Sauk–Prairie Airport  is a privately owned public use airport located 2 miles (3 km) west of the central business district of Prairie du Sac and 3 miles (5 km) northwest of the central business district of Sauk City, two adjacent villages in Sauk County, Wisconsin, United States. Sauk Prairie, Wisconsin is the nickname for the two combined communities. The airport is included in the Federal Aviation Administration (FAA) National Plan of Integrated Airport Systems for 2021–2025, in which it is categorized as a general aviation facility.
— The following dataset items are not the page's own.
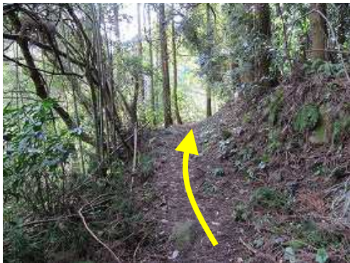
左下に沢音を聞きながら上って行く。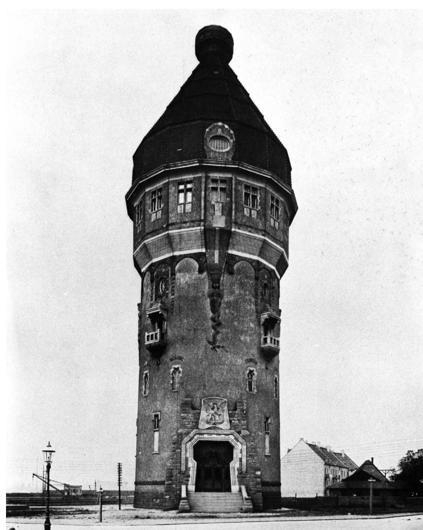
Das ursprünglich steile und im 2. Weltkrieg zerstörte Dach des Wasserturms mit einem Knauf als Bekrönung, das auf diesem Foto von 1909 gut zu erkennen ist, wird im Zuge der Generalinstandsetzung 1977 aus Kostengründen durch eine flachere Dachkonstruktion ersetzt.

Weiterführende Informationen: www.mannheim.de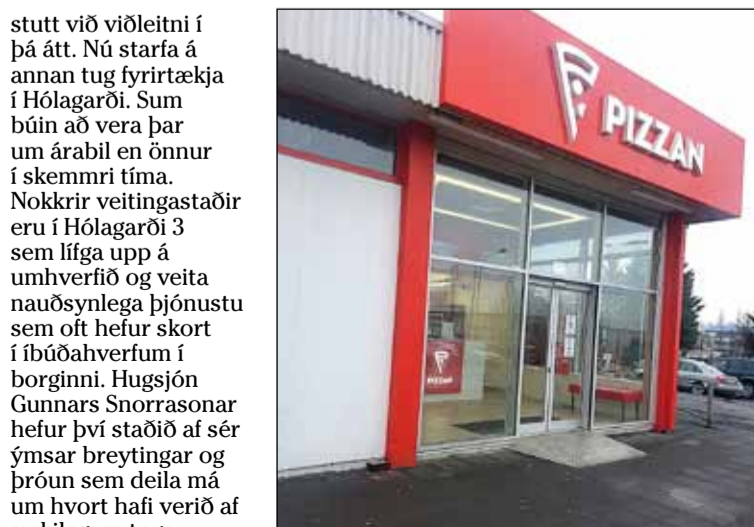
Pizzan opnaði nýlega pizzustað og heim-sendingarþjónustu í Hólagarði.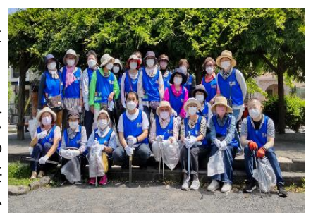
▲船橋葎根会、希望ヶ丘団地自治会そろって出陣！

区の「せたがやクリーンアップ作戦」参加事業として、各町会・自治会が「ごみ0(ゼロ)デー」に取り組みました。千歳台廻澤町会は5月29日に実施。船橋会は5月30日に千歳船橋駅前広場から神明神社を、小中高生も一緒に清掃。6月5日、船橋葎根会と希望ヶ丘団地自治会は共同で船橋5~7丁目界隈までを清掃し、4人の小学生が飛び入り参加。次世代の町の担い手への期待も膨らむ「ごみ0デー」となりました。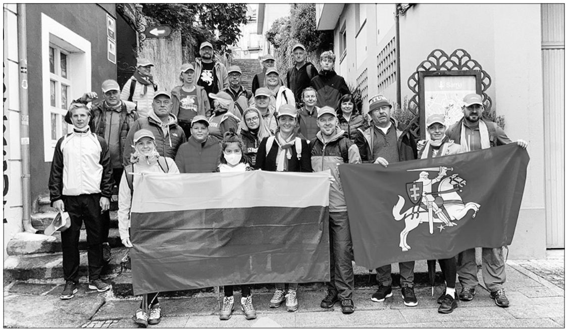
Piligriminio žygio Šv. Jokūbo keliu dalyviai.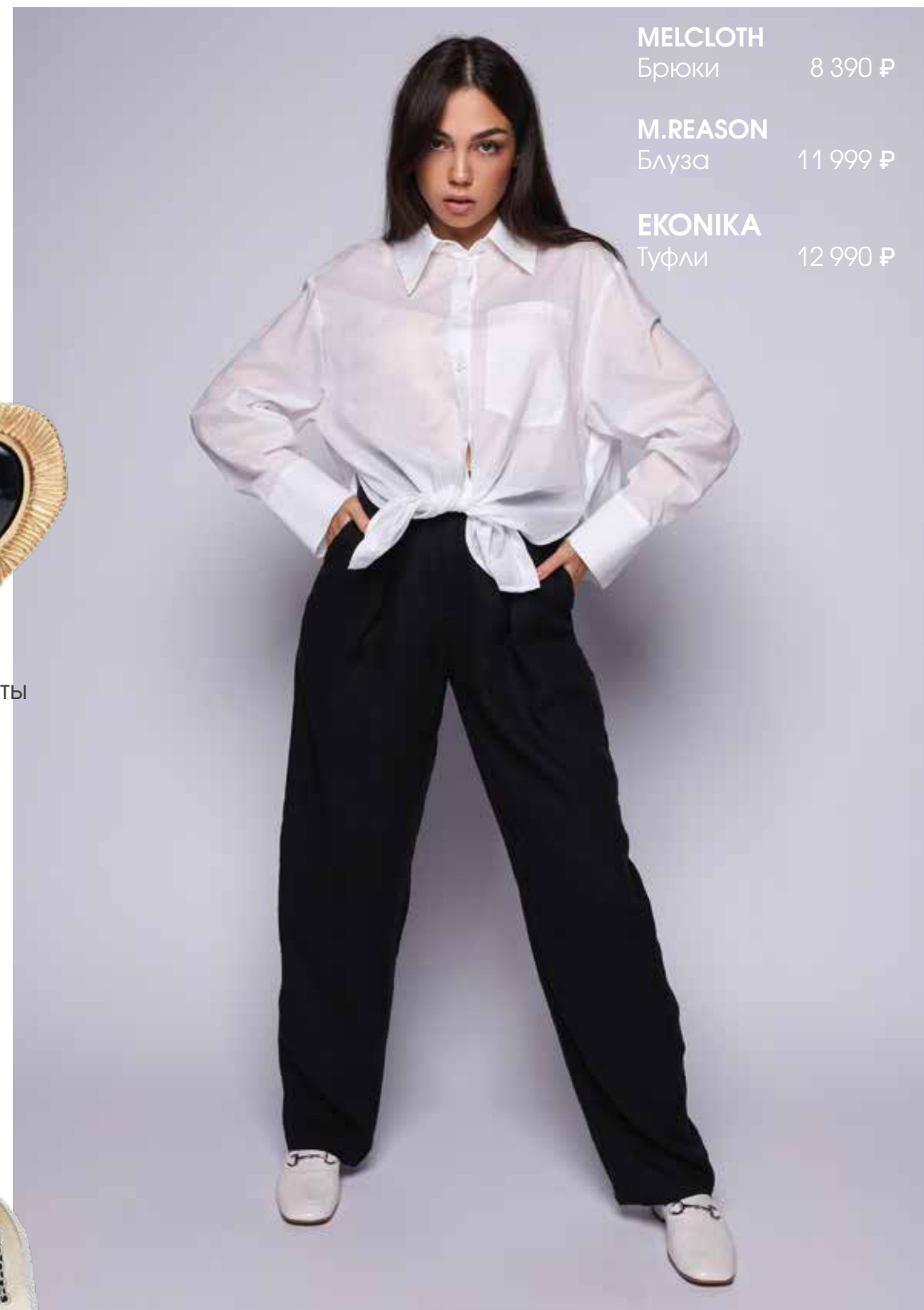
MELCLOTH Брюки 8 390 ₺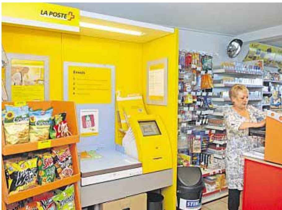
Die Agentur bietet ein Grundsortiment für den täglichen Bedarf an: Briefe, Pakete, Finanzdienstleistungen.

Text: Manuel Ackermann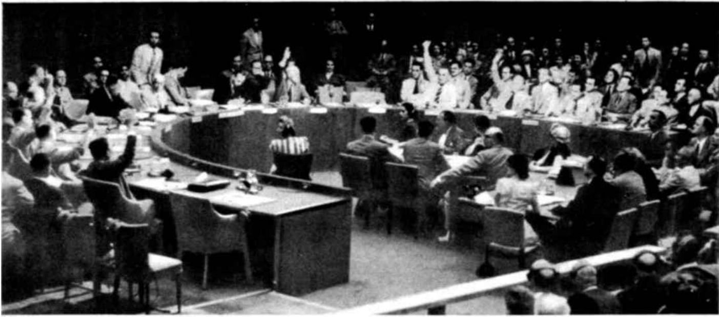
Esta foto del Consejo de Seguridad fué tomada durante la sesión de 27 de julio último, en el curso de la cual se decidió la intervención en Corea de las fuerzas de las Naciones Unidas, siendo aprobada dicha decisión por los representantes de siete países: China, Cuba, Ecuador, Francia, Gran Bretaña, Noruega y los Estados Unidos. Yugoslavia se pronunció en contra y los delegados de Egipto y de la India se abstuvieron de votar, alegando carecer de instrucciones de sus Gobiernos respectivos. La U. R. S. S. no estuvo presente.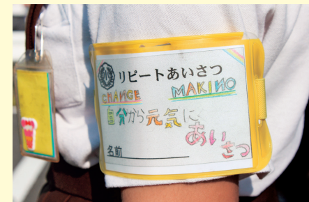
小中合同あいさつ運動

Although most airports in the United States use the same three-letter location identifier for the FAA and International Air Transport Association (IATA), this airport is assigned 91C by the FAA but has no designation from the IATA.

Facilities and aircraft 
Sauk–Prairie Airport covers an area of 20 acres (8 ha) at an elevation of 832 feet (254 m) above mean sea level. It has one runway: 18/36 is 2,936 by 60 feet (895 x 18 m) with an asphalt surface, it has approved GPS approaches.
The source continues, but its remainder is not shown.